Department of Drinking Water and Sanitation

Department overview
- Jurisdiction: Government of Jharkhand
- Headquarters: Nepal House, Doranda, Ranchi, Jharkhand – 834002;
- Minister responsible: Yogendra Prasad, Minister in Charge;
- Department executive: Abu Imran, IAS, Secretary;
- Website: www.jharkhand.gov.in/drinking-water

= Department of Drinking Water and Sanitation (Jharkhand) =

Department of Government of Jharkhand

The Department of Drinking Water and Sanitation is a department under the Government of Jharkhand responsible for providing safe drinking water and improving sanitation facilities across the state, particularly in rural areas. The department implements major schemes such as the Jal Jeevan Mission and Swachh Bharat Mission to ensure functional household tap water connections and promote hygiene and sanitation practices. It focuses on improving water quality, establishing treatment plants and developing sustainable rural water supply systems.

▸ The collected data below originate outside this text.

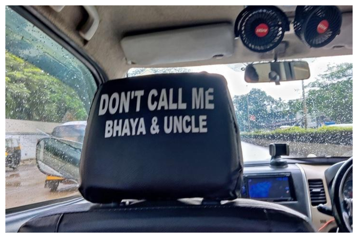 Sohini M, a Twitter user, shared a photo of a message on the back of an Uber seat that read, “Don’t call me bhaya & uncle.”
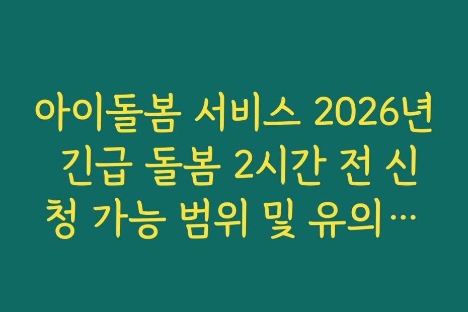 아이돌봄 서비스 2026년 긴급 돌봄 2시간 전 신청 가능 범위 및 유의사항에 대해 알아보세요. 최신 정보와 함께 신청 방법, 주의사항을 자세히 정리했습니다. 이 글 하나로 모든 궁금증을 해결할 수 있습니다.
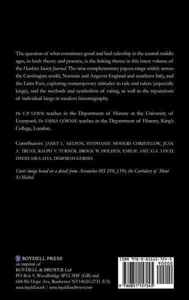 The question of what constitutes good and bad rulership in the central middle ages, in both theory and practice, is the linking theme in this latest volume of the 'Haskins Society Journal'. The nine complementary papers range widely across the Carolingian world, Norman and Angevin England and southern Italy, and the Latin East, exploring contemporary attitudes to rule and rulers (especially kings), and the methods and symbolism of ruling, as well as the reputations of individual kings in modern historiography. Dr C.P. LEWIS teaches in the Department of History at the University of Liverpool; Dr EMMA COWNIE teaches in the Department of History, King's College, London. Contributors: JANET L. NELSON, STEPHANIE MOOERS CHRISTELOW, JEAN A. TRUAX, RALPH V. TURNER, BROCK W. HOLDEN, EMILIE AMT, G.A. LOUD, DAVID ABULAFIA, DEBORAH GERISH
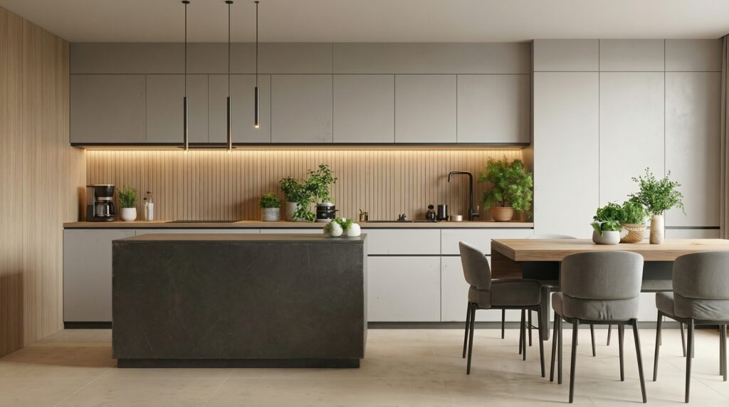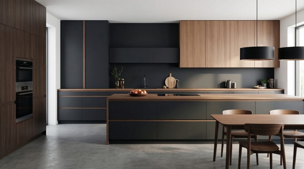 - Door options: sleek matte, textured wood tones, and clean dark-luxe palettes.
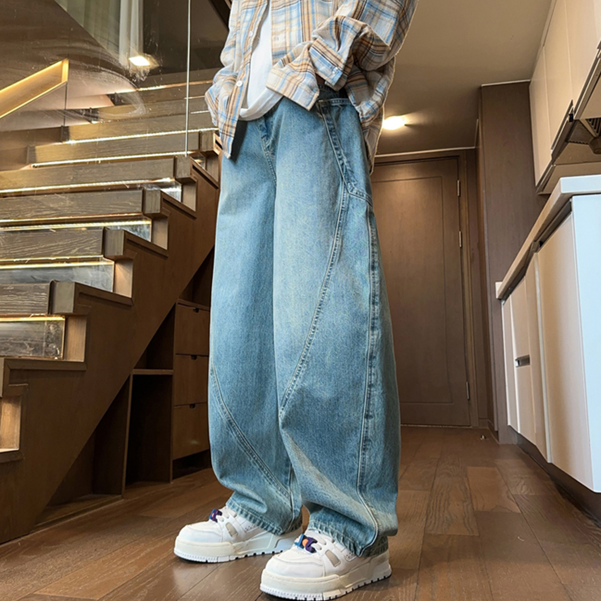 男道cleanfit水洗牛仔裤男春秋季复古宽松直筒阔腿裤美式高街裤子
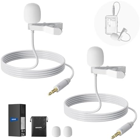 NEEWER 2 Pack Lavalier Lapel Microphone Compatible with Rode Wireless GO II 2 DJI Wireless Mic Transmitter, Omnidirectional Condenser Wired Clip On Lav Mic for Stage YouTube Live Streaming, CM5, White
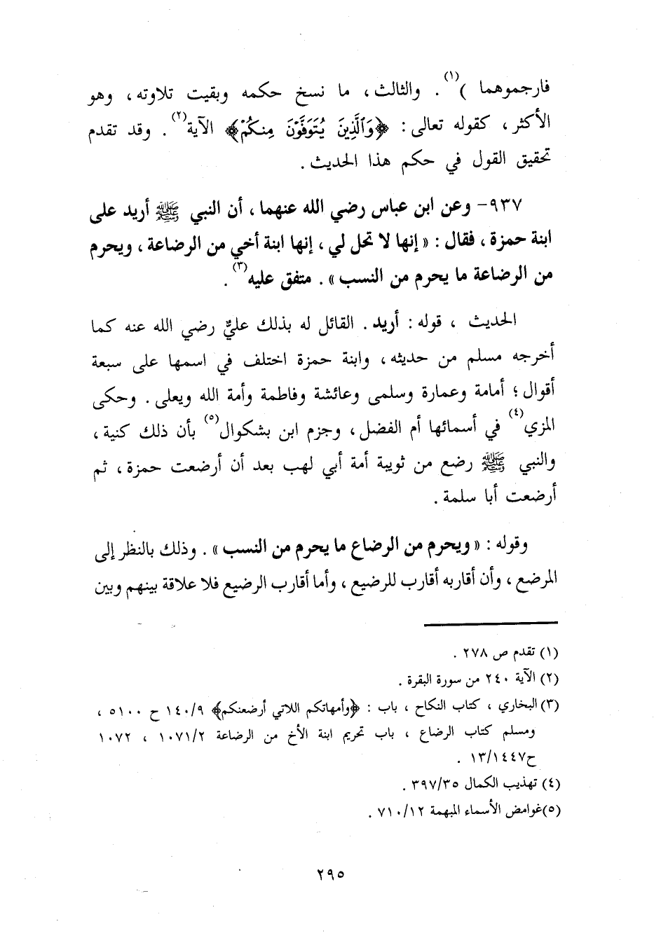 937 - وعن ابن عباس رضي الله عنهما، أن النبي - صلى الله عليه وسلم - أريد على ابنة حمزة، فقال: "إنها لا تحل لي، إنها ابنة أخي من الرضاعة، ويحرم من الرضاعة ما يحرم من النسب". متفق عليه (¬3).
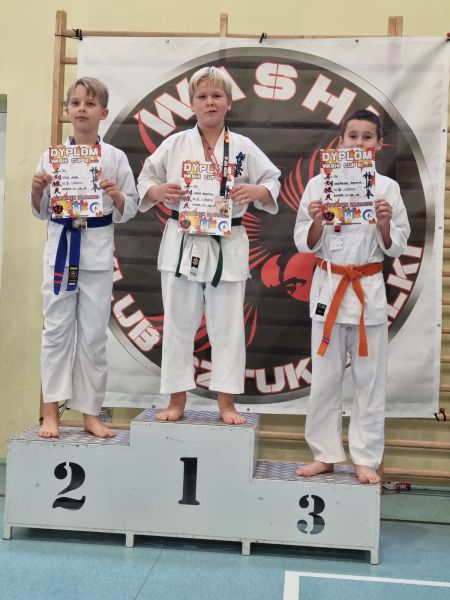 Podczas Mistrzostw Województwa Zachodniopomorskiego w Karate Kyokushin Kenbukai Washi Cup, nasza ekipa w składzie Amelia Karkos zajęła 1 miejsce w kategorii kumite, Bartek Loret 1 miejsce w kata i kumite, Igor Całus 3 miejsce w kata i 1 w kumite, Oliwier Pilichowski 3 miejsce w Kumite, Jakub Bajus 1 miejsce w Kumite oraz Matvii Shevchenko jako debiutant 4 miejsce w kategorii Kumite. Wszystkim bardzo serdecznie gratulujemy Osu!!!
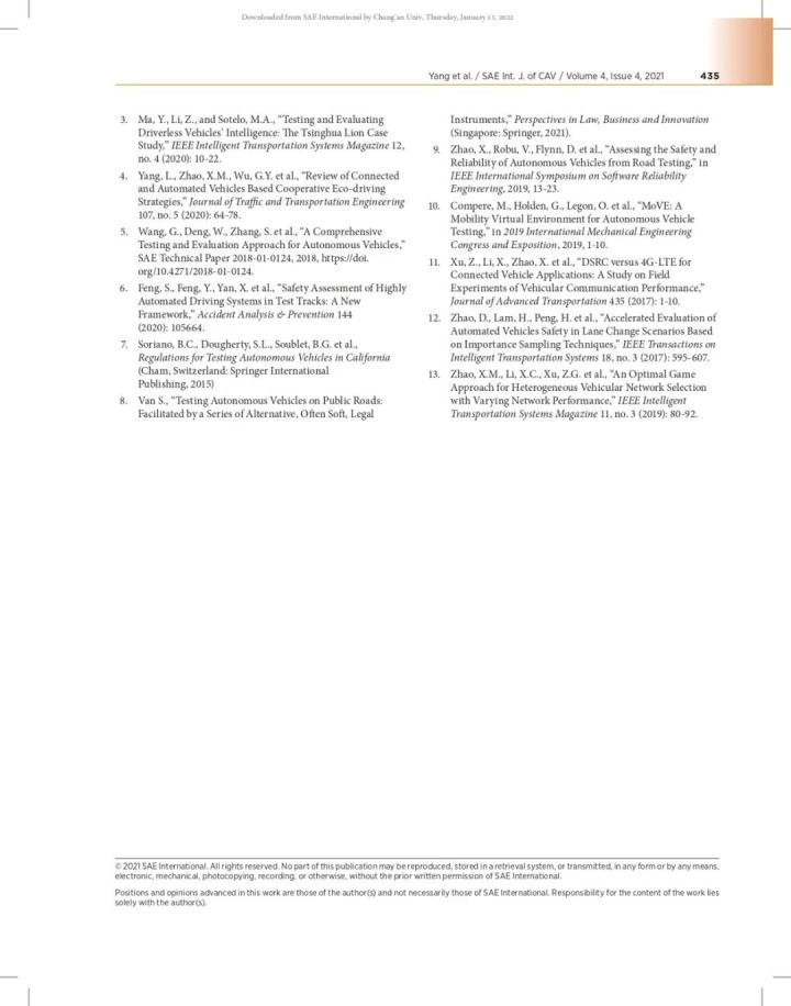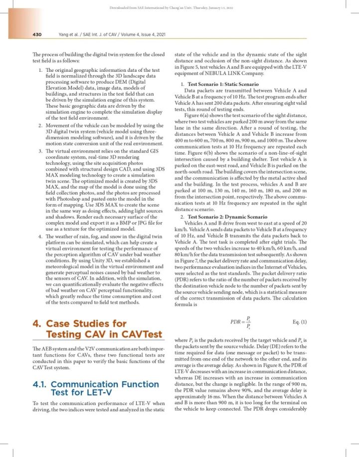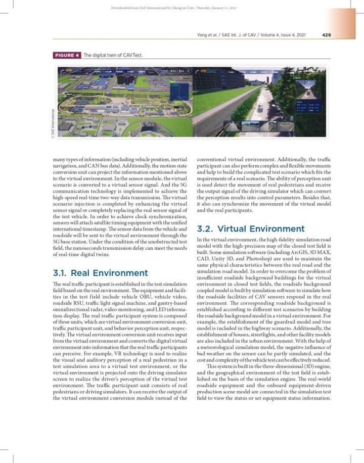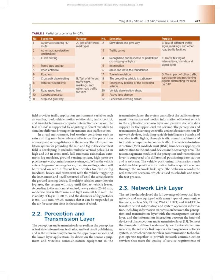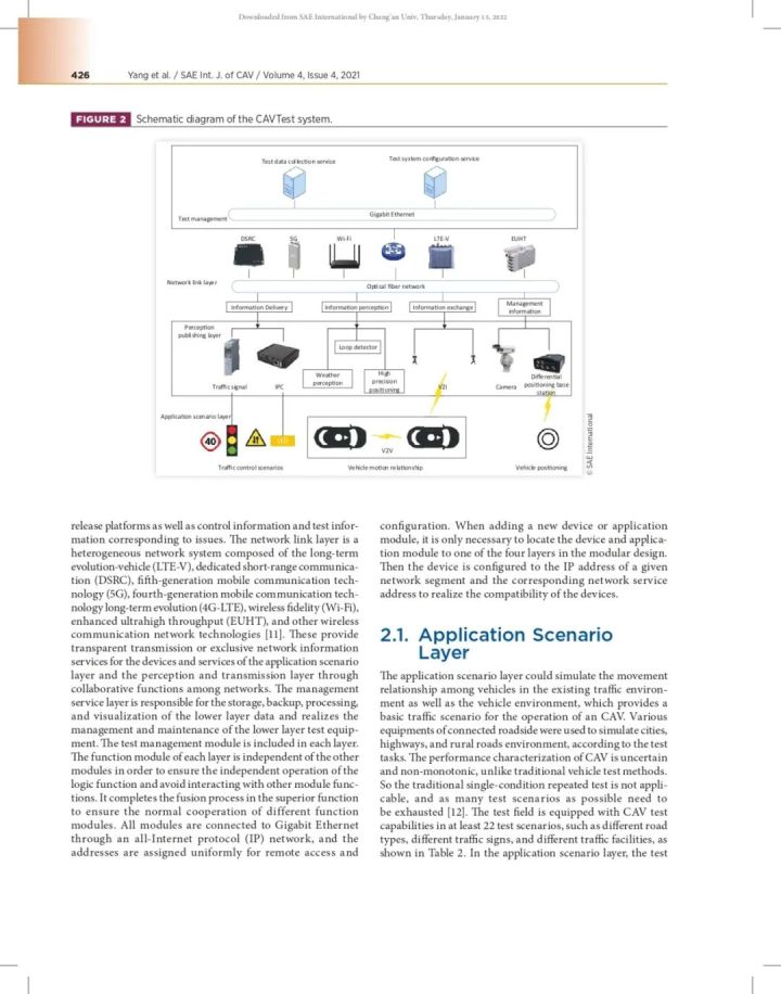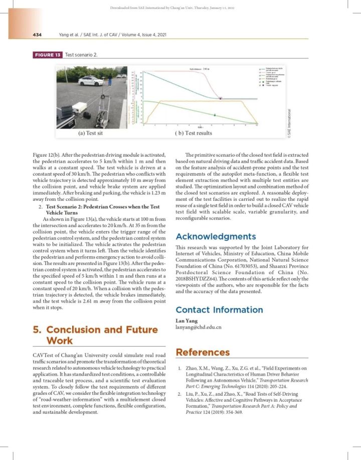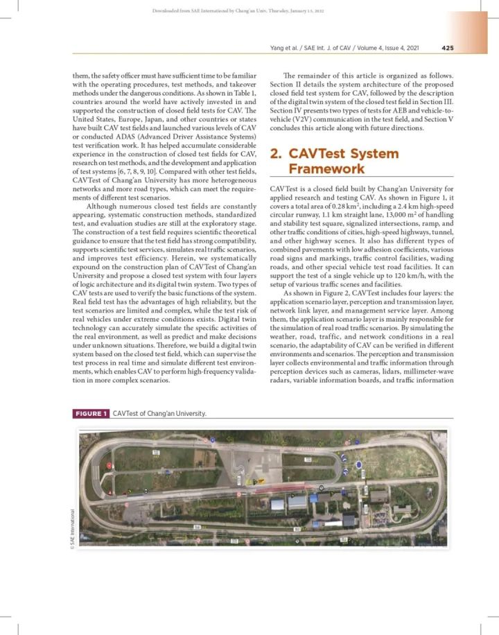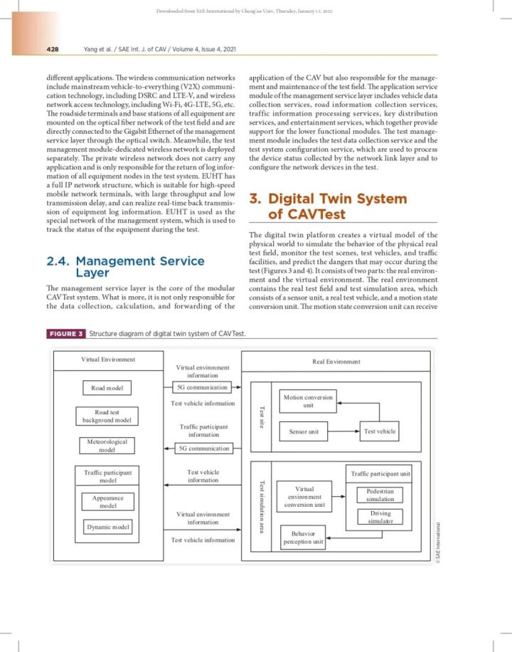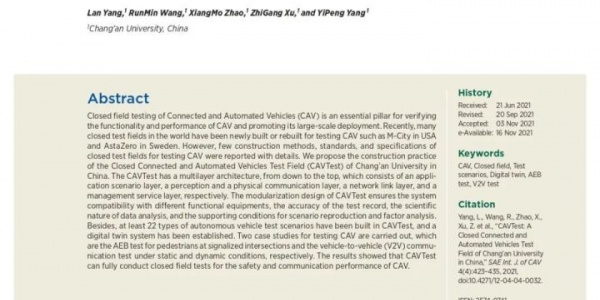 关闭场合测试是验证CAV成效和职能以及鼓舞其大领域安置的主要支柱。近年来,寰宇各地新修或改修了很众用于测试CAV的关闭试验场,如美国的M-City和瑞典的AstaZero。然而,合于CAV关闭试验场的创设步骤、圭臬和模范很少有周到的报道。因而,本体裁例地先容了中国长安大学关闭式车联网与智能汽车试验场(CAVTest)的编制架构和创设推行。CAVTest采用众层架构,自下而上差别由运用场景层、感知层、物理通讯层、汇集链接层和统治任职层构成。CAVTest的模块化安排确保了体例对差异成效兴办的兼容性、测试记载的切确性、数据理会的科学性,以及接济场景再现和测试数据搜集理会的软硬件条目,另外CAVTest还扶植了起码22种带罕睹字孪生成效的CAV测试场景。本文结果基于CAVTest发展了两个CAVs测试案例的斟酌,差别是:1)信号交叉口的行人防碰撞AEB测试;2)静态和运动条目下的车-车(V2V)通讯测试。斟酌结果注明:CAVTest可能正在关闭境况环中对CAV的平安性和通讯牢靠性举行充溢测试。

The department also works on groundwater management, water quality surveillance and community awareness programmes related to hygiene and conservation.

==Ministerial team==
The department is headed by the Cabinet Minister of Drinking Water and Sanitation, Jharkhand. Civil servants such as the Principal Secretary are appointed to support the minister in managing the department and implementing its functions. Since December 2024, the Minister for Department of Drinking Water and Sanitation is Yogendra Prasad.